Frank Lucas was born September 9, 1930, in Lenoir County, North Carolina. He moved to Harlem in 1946, becoming the driver and protégé of gangster Ellsworth “Bumpy” Johnson.
When Johnson died in 1968, Lucas took over his heroin empire and expanded it during the drug-fueled period of the late 1960s and early 1970s.
Lucas was particularly known for the “Cadaver Connection.” He cut out he middleman by establishing his own drug connection in the jungles of Vietnam, tipped off by U.S. soldiers then fighting in the war.
Lucas smuggled huge amounts of undiluted heroin from Thailand into the U.S. in the coffins of fallen American servicemen.
He dumped the heroin on the streets of Harlem, undercut the competition and called it Blue Magic. Lucas claims to have grossed $1 million a day.

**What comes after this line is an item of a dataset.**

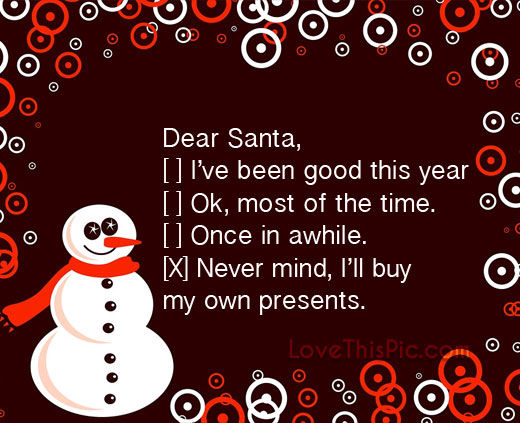 Well, it's official, we started our Christmas shopping Friday. Pretty much got the hh taken care of...notice I say pretty much:) Considering it was a Friday night in December the mall just wasn't that crowded. Freaky huh? I'm assuming online shopping has a lot to do with it. Remember the days before online shopping and the recession? You had to be primed with caffeine, vitamins and wear protective gear, because if you wanted to actually make it to a specific rack of clothing or get to the toy aisle you had to be prepared for evasive action and defensive maneuvers. Ah, the good ole days.So have you started your shopping or are you one of those disgusting, err efficient, individuals that's already done?

Lucas relied on a tightly controlled crew called "The Country Boys." He preferred using relatives and men from his hometown in North Carolina because they were less likely to steal from him.
Lucas was arrested in 1975 and was soon facing up to 70 years in prison. He quickly turned into a government informant, most notably against the then-corrupt Special Investigations Unit of the NYPD. Out of 70 SIU officers, 52 were eventually either jailed or indicted.